While still in office, many MdBs hold roles in organizations like the Association of the German Army (FKH) and the German Association for Defense Technology (DWT), which many see as lobbying forums. Defense Committee Chair Marie-Agnes Strack-Zimmermann, who recently turned heads for sporting a “Taurus [missiles] for Ukraine” shirt, is a member of both groups. In an interview, she denied that they were lobbying organizations. In actuality, representatives of Rheinmetall, Airbus, Boeing, KMW, and other defense contractors regularly cozy up to MdBs on the Budget and Defense Committees at FKH and DWT parliamentary evenings, roundtable discussions, and social gatherings. Neither side is required to disclose the content of these informal conversations, which may well sway how MdBs vote on major procurement projects.
The awarding of contracts falls to the Defense Ministry’s Procurement Office, headquartered in an old Prussian office building in Rhineland-Palatinate. Here, 2,400 positions are considered “high corruption risk” due to frequent contact with the defense industry. “High corruption risk” positions must be vacated after five years, but this rule has been broken 450 times since 2004. Some of those in “high corruption risk” positions have held them for up to 28 years. Conversely, lawyers and auditors tasked with overseeing the integrity of contract awarding are few and far between.

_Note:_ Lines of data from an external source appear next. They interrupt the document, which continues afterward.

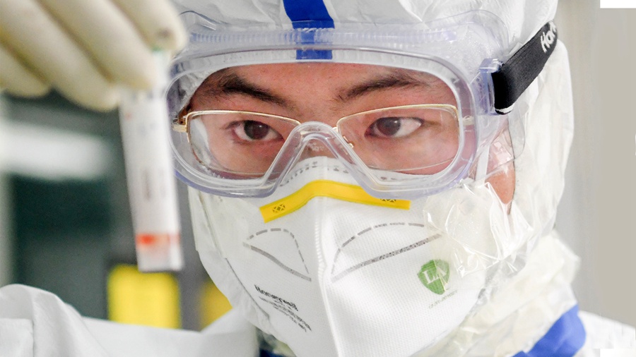 他正在進(jìn)行新型冠狀病毒核酸檢測(cè)
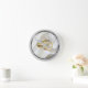Crisp black on silver Ivory or Champagne Silk texture with two golden rings wall clock as a wedding momentum
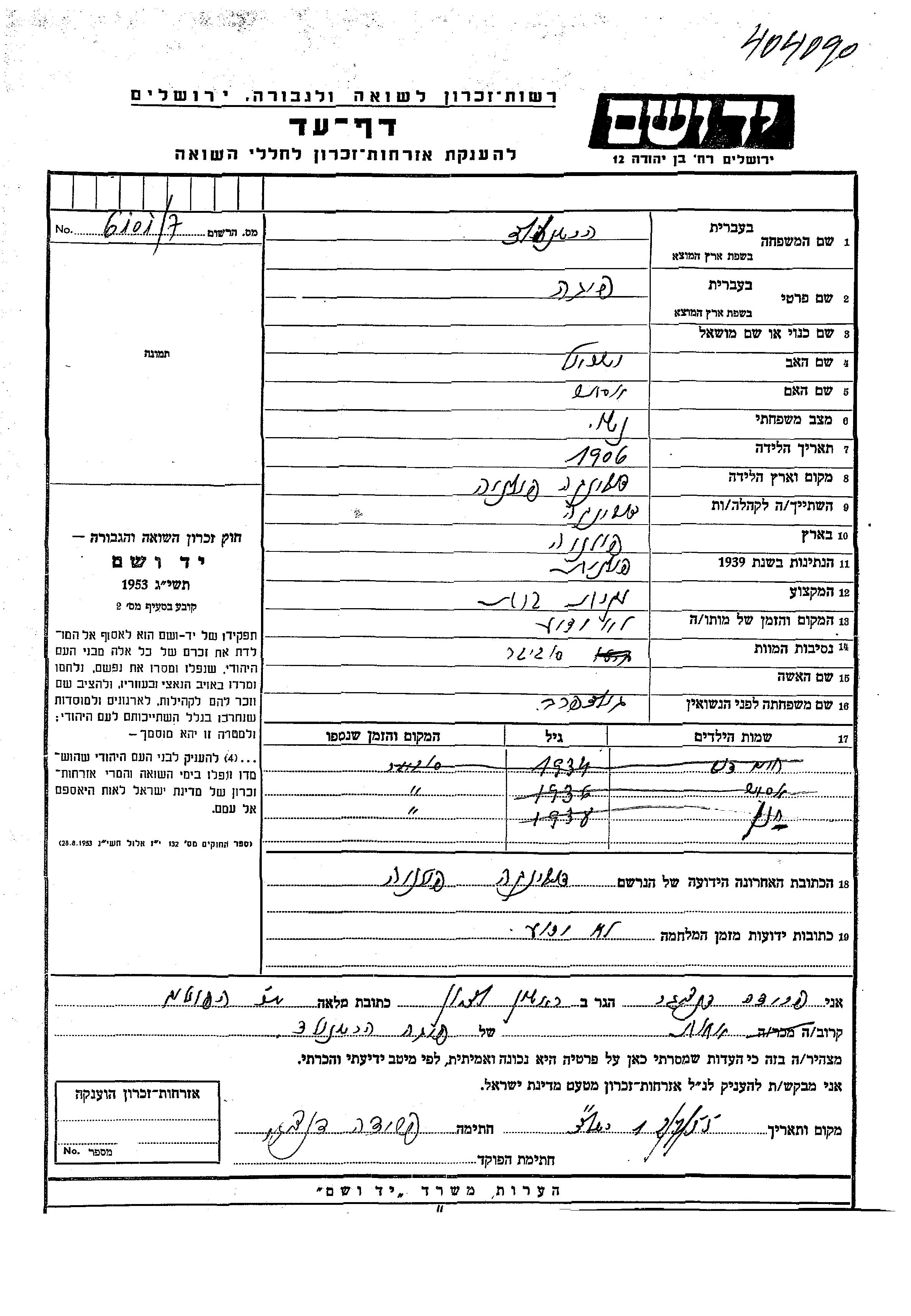 Yad Vashem - Pages of Testimony Names Memorial Collection
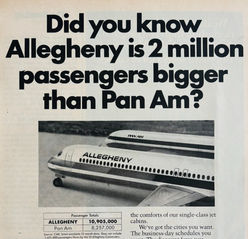 - 1977 Allegheny Airlines Advertisement Vintage Aviation Airplane Travel DWF16
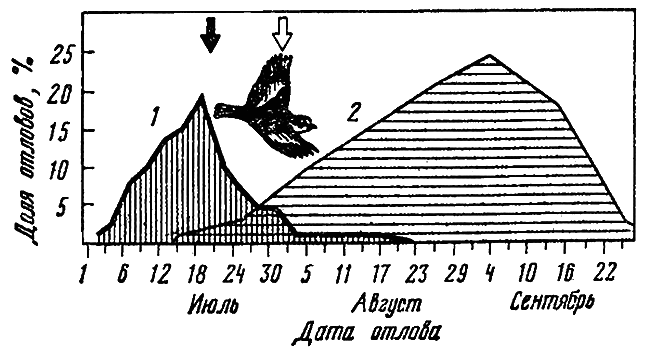 Рис. 28. Сроки отлета местных мухоловок-пеструшек (1) и пролета мигрирующих птиц (2) на Куршской косе.
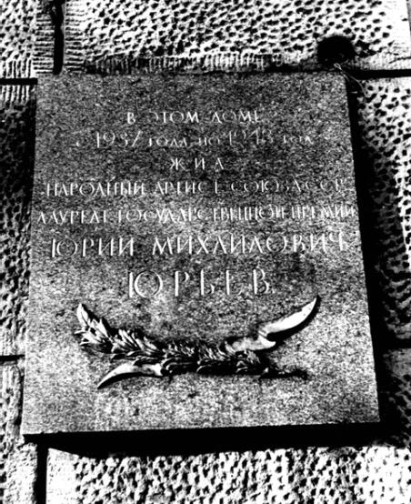 Юрьеву Ю. М., мемориальная доска1958. Арх. Варакин И. И. Гранит, бронза. Карповки реки наб., 13. (Ф-278) Персоны
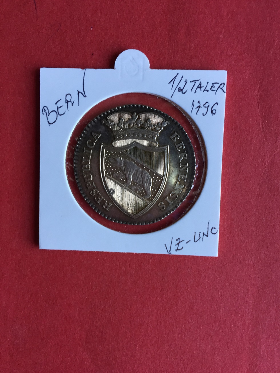 1/2 Taler 1796, cantonul Berna, argint, 14,67g, campuri proof like, relief mat, fara probleme la muchie, patina fina, XF-UNC, EUR 425,00 cu pachet DHL inclusiv.

One large contractor, Diehl Defence, seems to have found its cushy relationship with the German federal government useful when Alexander Biber, the mayor of Troisdorf, a small town in North Rhine-Westphalia, threatened to foil its growth plans. Troisdorf is already home to a Diehl subsidiary’s factory, and the plant’s expansion onto adjacent land—which had already been approved for the long-term presence of explosive materials—was seen as logical for increasing the production of ammunition and explosives. After Biber announced plans to zone the land for commercial and residential use instead, Diehl’s friends at the Ministry of Defense and the Bundestag rushed to its aid. “This is not about Troisdorf or even about Germany; this is about Ukraine, all of us, our sheer survival,” an enraged Strack-Zimmermann contended on an evening talk show. Diehl executives promptly consulted with Minister of Defense Boris Pistorius and North Rhine-Westphalian Minister-President Hendrik Wüst, who appeared to push Biber to take a meeting with the arms giant.

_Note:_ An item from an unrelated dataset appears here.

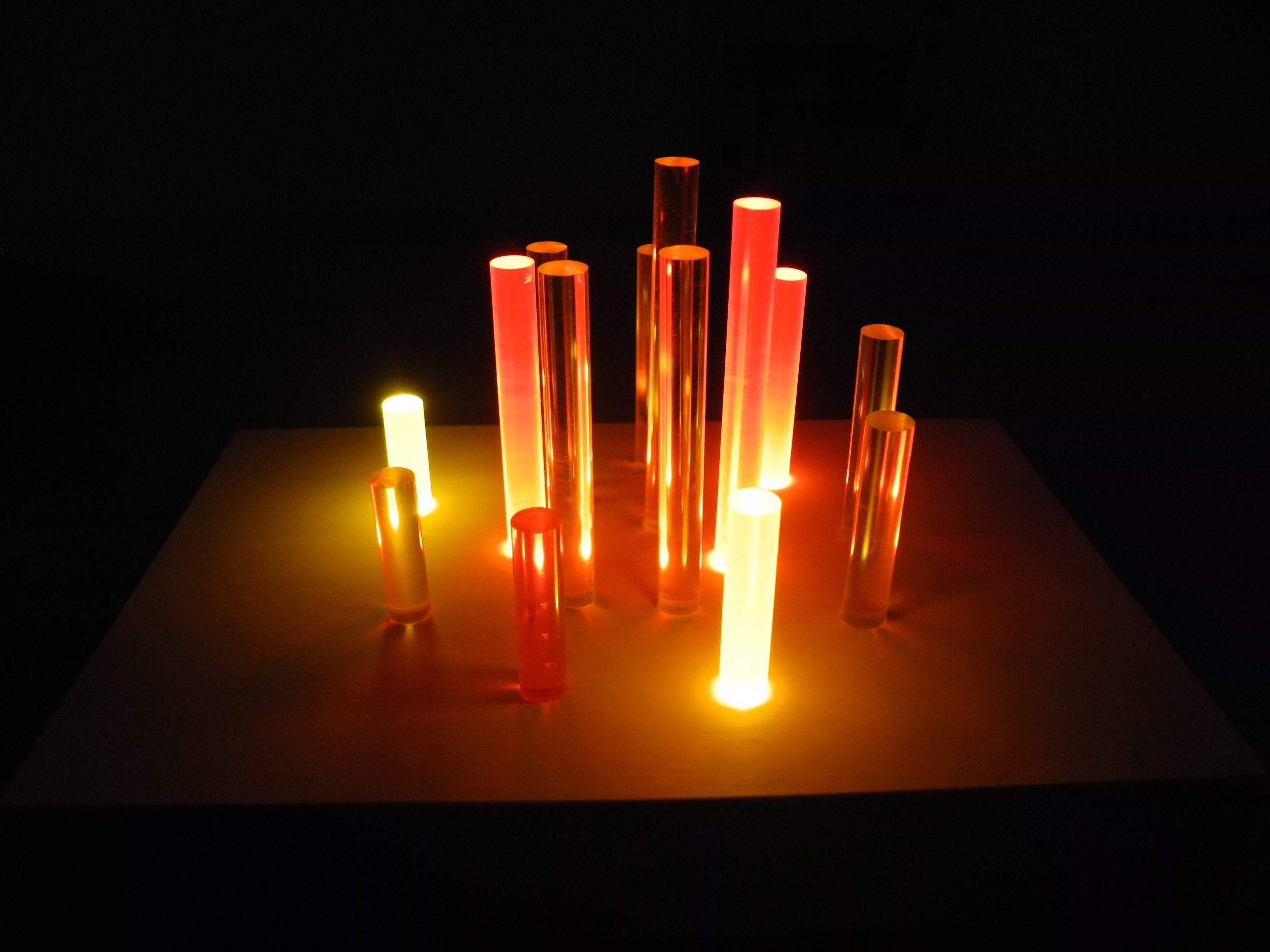 Dieses dekorative sowie einfach herzustellende Nachtlicht wird mit einer 4,5 V Flachbatterie betrieben, hat aber dennoch eine sehr lange Leuchtzeit aufgrund der sparsamen LEDs, welche als Leuchtmittel verwendet werden. Das Gehäuse ist aus Sperrholzplatten gefertigt und stumpf verleimt. Anschließend wurden Acrylglasstäbe abgelängt und in die spiralförmig angeordneten Bohrungen in der Deckplatte geklebt. Einige der Stäbe werden von unten durch eine LED beleuchtet und bringen so auch die weiteren unbeleuchteten Acrylglasstäbe zum Leuchten.

Germany requires representatives of special interests to publicly disclose the purpose, scope, financing, and nature of their work in an online Lobbying Register, which was first made mandatory in 2022 and expanded in October 2023. Companies that fail to register are banned from lobbying members of government. In practice, however, the Lobbying Register reveals very little. The Rheinmetall entry, for instance, merely reports that its lobbyists are engaged in a “direct, transparent and trust-based dialogue” with the government. With billion-dollar contracts at stake, an expansion of the Lobbying Register is desperately needed to ensure the integrity of procurement and export approval decisions.
The war in Ukraine has rehabilitated the German arms industry’s image at home. As Berlin assumes an ever more critical role in the security of Europe, the integrity of its arms procurement and export agreements must be beyond reproach. The government must maintain trust and enact more effective transparency measures to make the defense industry’s lobbying visible to the German people, who are bankrolling its current moment in the sun.